Journal of Contextual Behavioral Science (JCBS)
Volume 30, October 2023, Pages 80-96


Jiayin Ruan, Huilin Cheng, Linye Wu, Yim Wah Mak, Xuelin Zhang, Jiagui Liang, Haixia Ma, Sha Li, Wing Fai Yeung


Acceptance and Commitment Therapy (ACT) is an increasingly popular approach to the treatment of mental disorders. It is important to understand the perceptions and experiences of those who have been treated using this approach in order to inform the development and implementation of ACT and to enhance this population’s psychological well-being. This study aimed to identify, appraise, and synthesize the qualitative literature regarding the perceptions and experiences of ACT among people with mental disorders who have been treated using this approach.
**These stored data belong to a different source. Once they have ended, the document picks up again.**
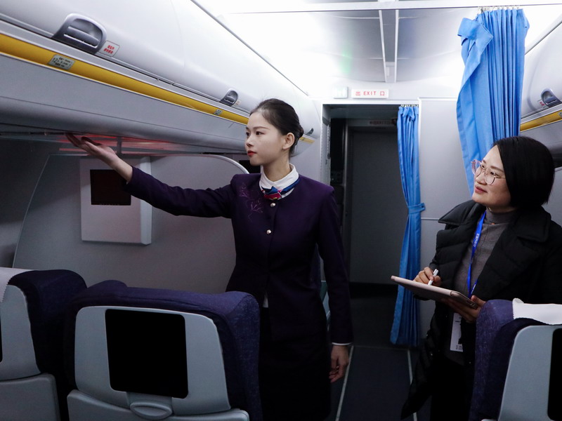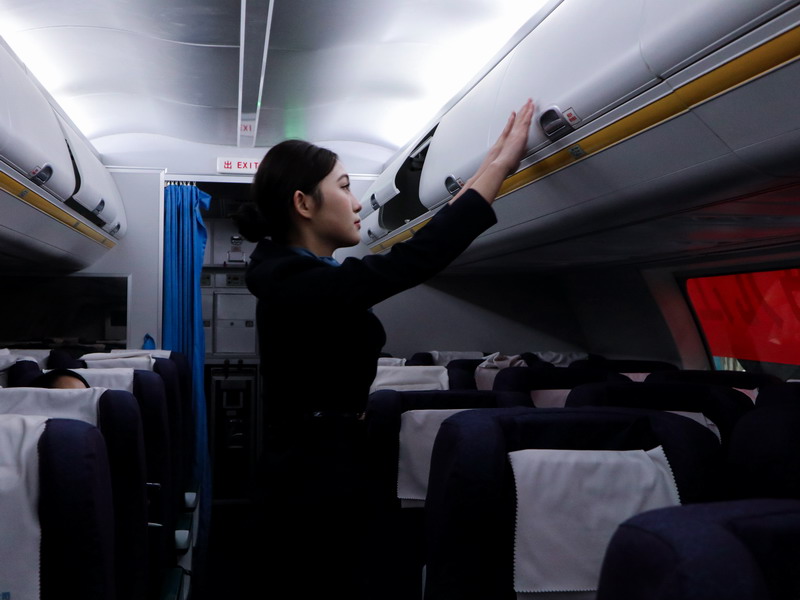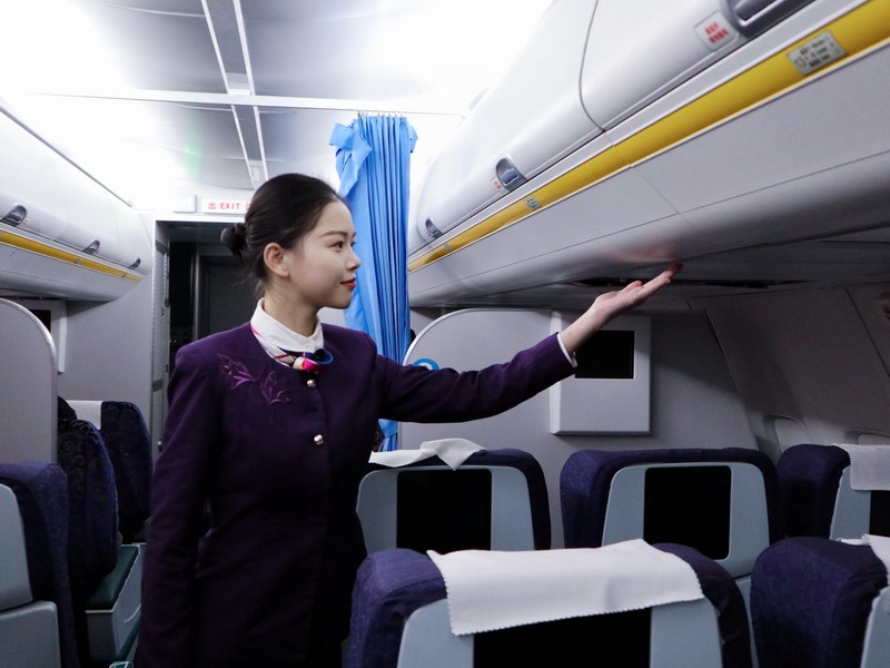 考试内容分为理论和实操两个部分。理论考试检验了员工们对空中服务相关知识的掌握程度;模拟舱实操通过实训楼模拟舱全流程服务,全面考查了员工们的团队协作和应急处置能力。
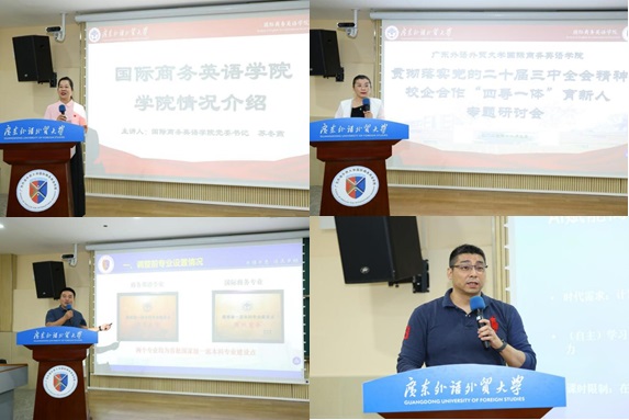 苏冬燕向在场嘉宾介绍了学院最新的发展情况,表示yl6809永利官网始终牢记为党育人、为国育才的初心使命,在重塑学院发展战略、加强人才队伍建设、创新人才培养模式、重构人才培养目标、提升国际化办学水平和加强校企合作等方面积极担当作为。杜焕君介绍了学院学生的基本情况、就业情况,并解读了“四导一体”人才培养模式,即通过整合辅导员、班级导师、校外导师和朋辈导师多方教育资源,形成教育合力,发挥“四导一体”领航作用,促进人才培养。汪谓超介绍了学院的专业建设情况,指出学院积极应对数字化发展浪潮,转变人才培养模式,对专业设置、教学大纲等方面进行调整,在今年的招生工作中取得可喜成绩。班级导师代表王伟强从一线教师的视角,分享了在授课中利用AI赋能商务英语读写教学的动因和方法。
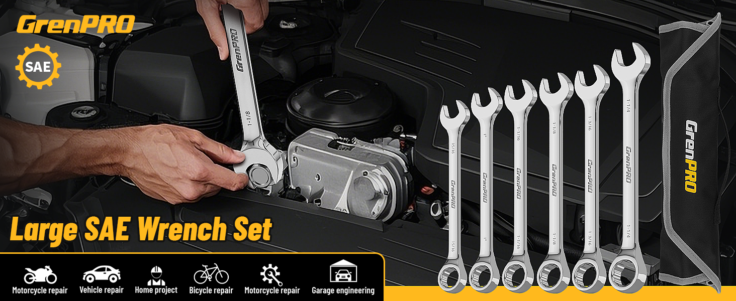 GrenPRO combination wrench sets have a wide range of application scenarios, including motorcycle repair, auto repair, home projects, bicycle repair, machinery repairs, garage engineering, and so on.If you have any questions, please contact us. We are willing to serve you attentively
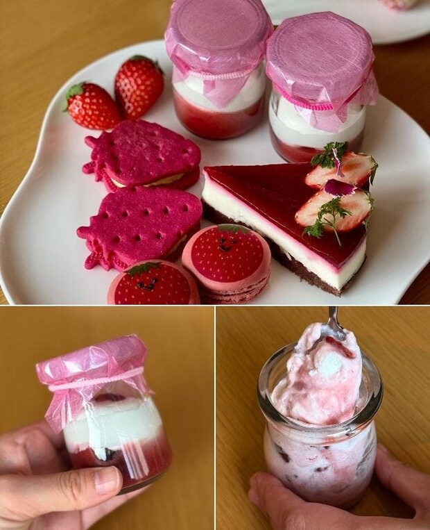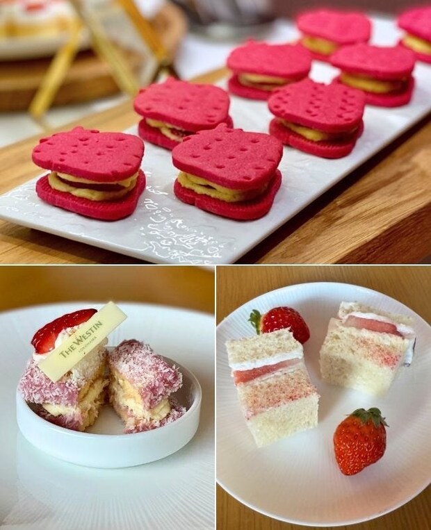 写真上:ストロベリーショートブレッドサンド/写真左下:ストロベリーラミントン/写真右下:ストロベリーサンド
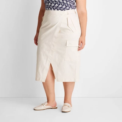 Make a versatile and stylish addition to your wardrobe with this Cargo Midi Skirt from Future Collective™ with Reese Blutstein. Made from cotton and recycled cotton with spandex, this solid-color cargo skirt is designed with a mid rise in a below-knee length. Featuring a side button closure and belt loops, the skirt also has front pockets for stashing small essentials.
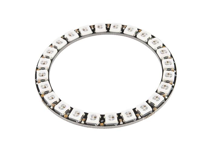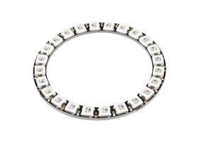 This is the 24 LED NeoPixel Ring from Adafruit, a small chainable 2.6" (66mm) outer diameter board equipped with 5050 WS2812 RGB LEDs. The WS2812s are each addressable as the driver chip is located inside the LED. Each NeoPixel Stick has ~18mA constant current drive so the colour will be very consistent even if the voltage varies, and requires 5V.
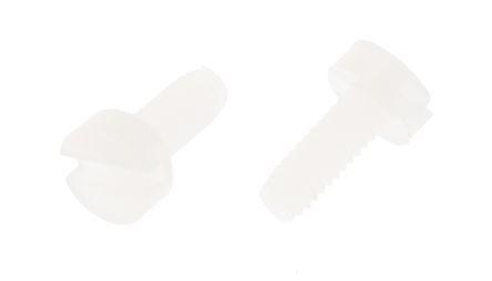This is Slot Cheese Head Machine Screws Nylon Plain M2.5 6mm manufactured by RS Pro. The manufacturer part number is 527-943. A quality product with a nice plain finish. The product is built with a standard m2.5 thread size metric . The head has a cheese shape. The product features a slot drive. The product is made from highly stable and reliable nylon. Furthermore, it has about 6mm metric length . Furthermore, the pitch of the thread is 0.45mm.
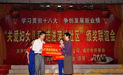 5月10日,蒲纺工业园区举行“关爱妇女儿童.走进蒲纺社区”颁奖联谊会,湖北福人药业股份有限公司向蒲纺捐赠现金18000元以及价值18000元的药品,表达了对妇女儿童的一片爱心。 艾菊桂 吴莉萍\摄
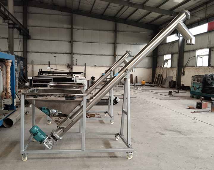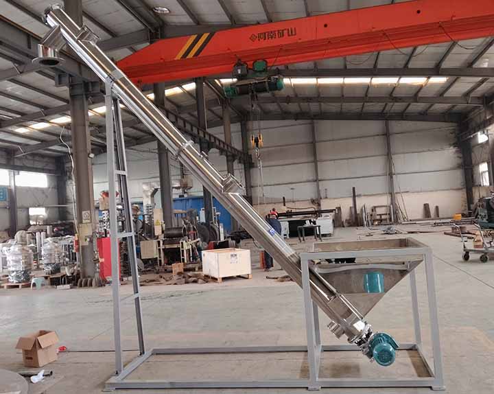 干粉螺旋輸送機(jī)端部采用法蘭互相連接成一體。同時(shí)在軸承與驅(qū)動(dòng)裝置安裝由密封件能夠防止干粉的進(jìn)入減少軸承的磨損程度,延長(zhǎng)軸承的使用時(shí)間。
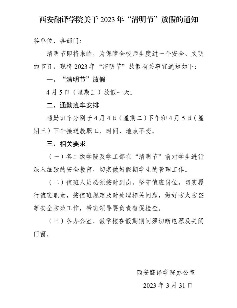 米兰milan官方网站关于2023年“清明节”放假的通知
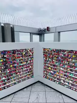 One of Umeda's landmarks, Umeda Sky Building, is a high-rise building built in 1993 that is made up of two 40-story buildings connected at the top. On the rooftop, there is the "Floating Garden Observatory" where you can get a panoramic view of Osaka's cityscape while being blown by the wind from 173 meters above ground. The see-through elevator going from the 35th floor to the 39th floor was very open! If you want to buy the popular heart lock, you must make a reservation in advance, so be careful!
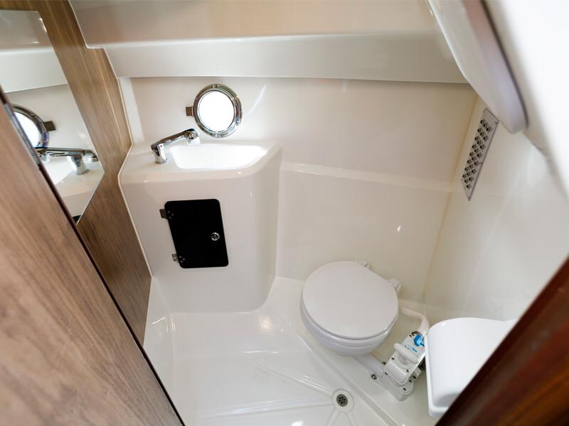 Heads compartment to starboard with marine toilet and holding tank, shower and sink

A comprehensive literature search was conducted using nine English and Chinese databases to gather qualitative data related to ACT and mental disorders from the databases’ inception to January 2023. A gray literature search was conducted using OpenGrey, Google, and Google Scholar. Hand searches of the reference lists of the included studies were performed. The Critical Appraisal Skills Programme checklist for qualitative studies was used to assess the quality of the studies. Data were extracted and analyzed using thematic synthesis. The degree of confidence in the findings was measured using the Grading of Recommendations Assessment, Development, and Evaluation Confidence in Evidence approach. A total of 10 studies were included, and five themes were identified: 1) developing a new way of relating to negative internal experiences, 2) gradually integrating oneself into the external world, 3) adopting a new way of living, 4) achieving personal growth, and 5) barriers hindering therapy. This study yields insights regarding positive experiences of using ACT, which reflect an ACT-facilitated mental health recovery process and an underlying mechanism of behavioral change. An understanding of the main barriers hindering learning about and practicing ACT was also generated—these barriers deserve attention and further exploration. Review registration number: CRD42022359885.